**** Records to process ****

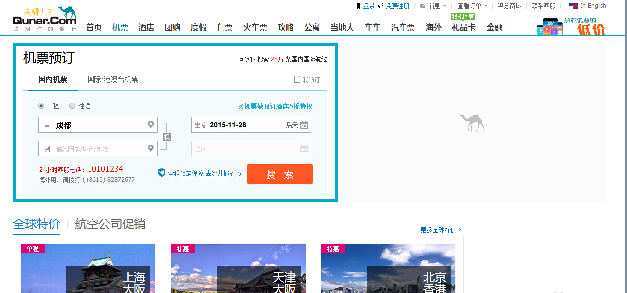 2005年2月去哪兒網創立,對線上和線下的機票、酒店、度假和簽證等資源進行整合,為用戶提供及時、可靠的旅游產品價格查詢、比價和預訂服務。
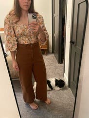 I loved the cut of this top! The neckline is really feminine and the pattern is so pretty! However, it was tight on me and is structured so there isn't much give. When I rent again, I'll size up.
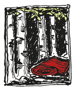 Wie wieder Markttag war, gab er ihr ein Stück Leinwand, um es zu verkaufen. Das Weiblein musste durch ein Birkenwäldchen gehen. Da sah sie, dass die Birken ganz nackt dastünden. Auch ging ein starker kalter Wind, dass sie fror. So sagte sie zu den Birken: "O ihr armen Dinger, wie muss euch frieren, da ihr nicht einmal ein Hemd anhabt. Friert mich schon so arg, und hab ich noch mein Gewand an." Sie riss daher ihre Leinwand in Streifen und band um jede Birke einen, so lange es eben reichte. "Nun habt ihr doch wenigstens einen warmen Fleck", tröstete sie die Bäume und ging dann wieder heim.
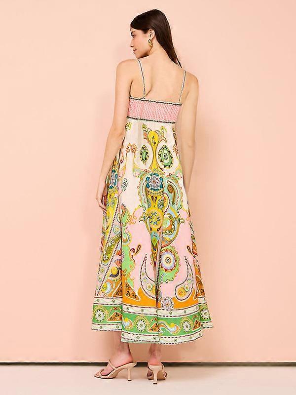 Temperament printed high-waisted and swing halter dress woman
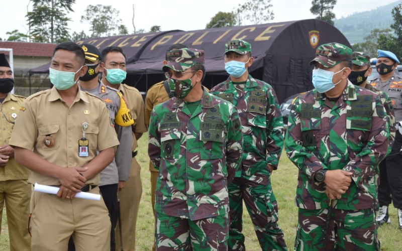 BOYOLALI — Pangdam IV/Diponegoro Mayjen TNI Bakti Agus Fadjari, SIP, MSi melakukan pemantauan perkembangan aktivitas Gunung Merapi serta meninjau kesiapan Tempat Penampungan Pengungsian Sementara (TPPS) di Desa Tlogolele dan Desa Klakah, Kecamatan Selo, Kabupeten Boyolali, Senin (23/11/2020).
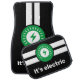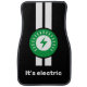 Custom universal car floor mats for electric car owner. Striped design with green energy logo. Personalizable text template and background color. Bold big letter typography with sporty stripes. Cool Birthday gift idea for him or her. Create your own universal rubber auto carpets for car enthusiast, auto racing team, taxi driver, mechanic, Tesla owner, son, brother, dad, husband, daughter, mom, wife, sister, friends, family, team mates, business owner, auto dealer, tuner, shop keeper, store boss, employees, co worker etc. Custom printed rugs for your new vehicle. Add your own surname or funny quote.
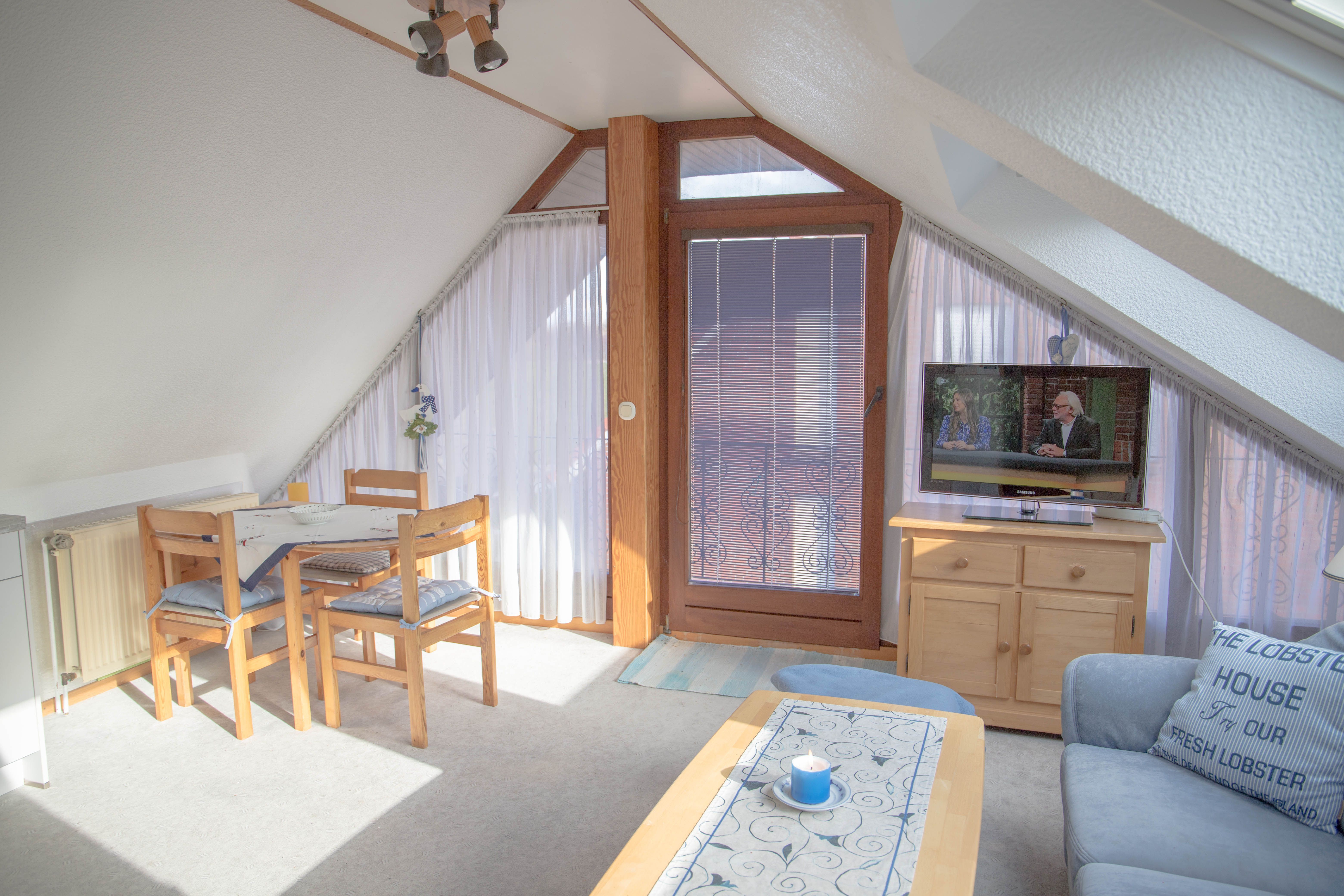 Genießen Sie vom Wohn-Essbereich aus den direkten Zugang zu Ihrem eigenen Balkon, mit Blick auf den Deich und das Meer. Perfekt für ein entspanntes Frühstück oder einen romantischen Abend unter den Sterne.
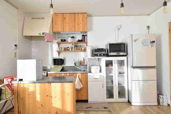 オーナーさんの説明では、こちらのキッチンは以前使用していたものをリメイクしたとのことですが、身長が大きめの男性の場合、このキッチンの高さでは「少し料理がしにくいのかな?」と思いましたが…

****

_Task to complete:_ Your answer must be the lines from the one containing "Custom universal car" through the final line of the entries, duplicated exactly, with both ends kept and all pictures left out.

_Exercise answer:_
 Custom universal car floor mats for electric car owner. Striped design with green energy logo. Personalizable text template and background color. Bold big letter typography with sporty stripes. Cool Birthday gift idea for him or her. Create your own universal rubber auto carpets for car enthusiast, auto racing team, taxi driver, mechanic, Tesla owner, son, brother, dad, husband, daughter, mom, wife, sister, friends, family, team mates, business owner, auto dealer, tuner, shop keeper, store boss, employees, co worker etc. Custom printed rugs for your new vehicle. Add your own surname or funny quote.
 Genießen Sie vom Wohn-Essbereich aus den direkten Zugang zu Ihrem eigenen Balkon, mit Blick auf den Deich und das Meer. Perfekt für ein entspanntes Frühstück oder einen romantischen Abend unter den Sterne.
 オーナーさんの説明では、こちらのキッチンは以前使用していたものをリメイクしたとのことですが、身長が大きめの男性の場合、このキッチンの高さでは「少し料理がしにくいのかな?」と思いましたが…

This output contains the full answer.